What You Will Build
Multi-Image Reference
Use up to three images to guide the video output
Subject Composition
Combine subjects from different images into one scene
Visual Consistency
Maintain character or scene appearance across generations
Creative Direction
Steer the video style and content with visual references
Before You Begin
Make sure you have:- A Pictory API key (get one here)

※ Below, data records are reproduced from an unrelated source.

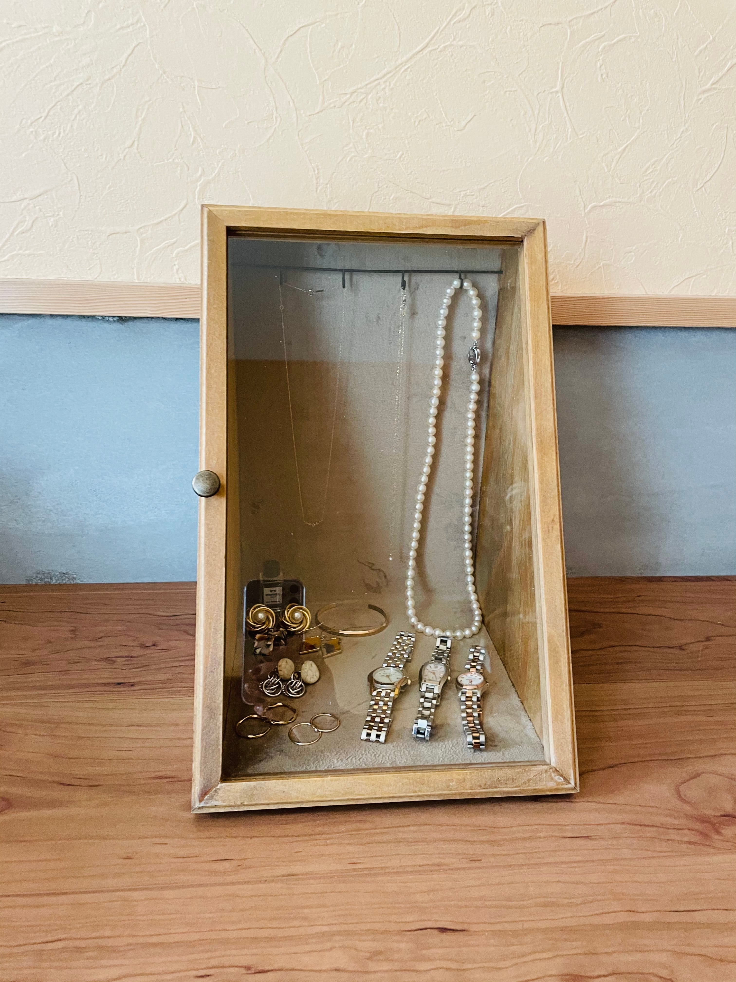 ★木の優しい雰囲気に仕上げたディスプレイケース。
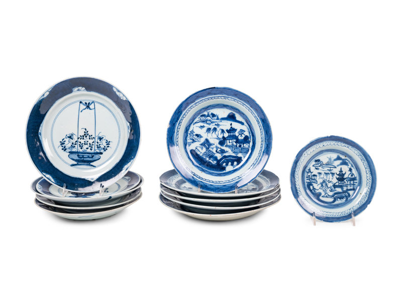 11 Chinese Export Blue and White Porcelain Plates
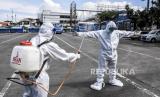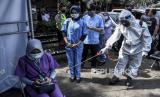 Petugas dari Dinas Kesehatan Kota Bandung menyemprotkan cairan disinfektan kepada seorang wartawan usai tes swab Covid-19 di Terminal Cicaheum, Kota Bandung, Rabu (13/5). Tes swab yang dilakukan kepada 100 peserta secara acak yang terdiri dari petugas kepolisian, TNI, Satpol PP, Dishub, tenaga kesehatan, pedagang, awak bus dan warga sekitar tersebut bertujuan untuk mendeteksi dan mencegah penyebaran covid-19 di kawasan tersebut (FOTO : ABDAN SYAKURA/REPUBLIKA)
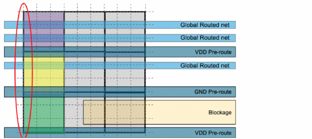 - Gcell #1 (in Purple) has a horizontal capacity of three tracks but has 0 tracks available (0% free)
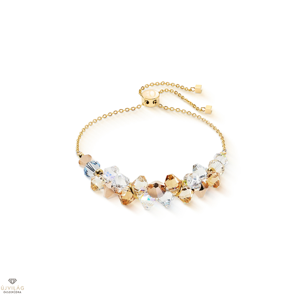 Dancing Crystals karkötő arany-bézs - csillogó elegancia a csuklón A Dancing Crystals karkötő arany-bézs színben ötvözi a finom könnyedséget a csillogó ragyogással. A Swarovski® kristályok csillogó bézs árnyalatú és tiszta árnyalatokban világító fénypontokat hoznak létre, amelyek minden mozdulatnál táncolni látszanak. A finom aranyszínű rozsdamentes acéllánc elegáns kontrasztot alkot, és a karkötő viselése könnyű és légies érzést kelt. A tolózárnak köszönhetően a karkötő egyénileg állítható, és minden csuklóra tökéletesen illeszkedik. Női szemet gyönyörködtető, amely feldobja a mindennapi megjelenést, és csillogó kifinomultsággal teszi teljessé az ünnepi öltözéket.
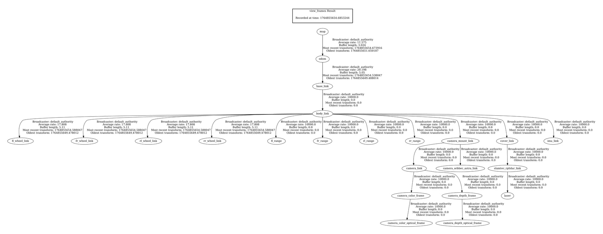 Since I haven’t used ROS 2 Tutorials in over a year, that’s where this example came from. I haven’t been able to reproduce this error. Looking at the TF tree, everything looks fine. There’s both a map → base_link and a base_link → laser connection (which is in the /scan / /scan_filtered message).

- Node.js or Python installed on your machine
- The required packages installed
- One to three publicly accessible image URLs to use as references
Step-by-Step Guide
Step 1: Set Up Your Request
Prepare your API credentials, the reference image URLs, and a prompt that describes the desired video. The prompt should explain how the subjects or elements from the reference images should appear in the video.The
referenceImageUrls array accepts 1 to 3 image URLs. All URLs must point to publicly accessible images. This parameter cannot be used together with firstFrameImageUrl or extendVideoUrl.Step 2: Submit the Video Generation Request
Send the request to the AI Studio video generation endpoint.Step 3: Poll for the Result
Check the job status at regular intervals until the video is ready.Understanding the Parameters
| Parameter | Type | Required | Default | Description |
|---|---|---|---|---|
prompt | string | Yes | — | A text description that explains how the reference images should be used in the video. Must be between 5 and 5,000 characters. |
referenceImageUrls | array of strings | No | — | An array of 1 to 3 publicly accessible image URLs to guide the generation. Each entry must be a valid URI. Cannot be used together with firstFrameImageUrl or extendVideoUrl. |
model | string | No | pixverse5.5 | The AI model to use for generation. Supported values: veo3.1, veo3.1_fast, pixverse5.5. See Generate Video API for model capabilities and pricing. |
aspectRatio | string | No | First supported ratio of the selected model | The output aspect ratio. Valid values depend on the model. For example, pixverse5.5 supports 16:9, 9:16, 1:1, 3:4, 4:3, while veo3.1 supports 16:9, 9:16. |
duration | string | No | First supported duration of the selected model | The video length. Valid values depend on the model. For example, pixverse5.5 supports 5s, 8s, 10s, while veo3.1 supports 4s, 6s, 8s. |
webhook | string | No | — | A URL to receive a POST notification when the job completes. Must be a valid URI. |
Use Cases for Reference Images
| Use Case | Number of Images | Description |
|---|---|---|
| Character consistency | 1 | Provide a character portrait to maintain appearance across video generations |
| Scene composition | 2 | Combine a character image with a background or environment image |
| Multi-subject scenes | 2 to 3 | Provide images of different subjects that should appear together in the video |
| Style reference | 1 | Use an image with the desired visual style to influence the output |
Tips for Reference Image Videos
- Describe the relationship between images. In your prompt, explain how the elements from each reference should interact. For example, “The person from the first image walks into the landscape from the second image.”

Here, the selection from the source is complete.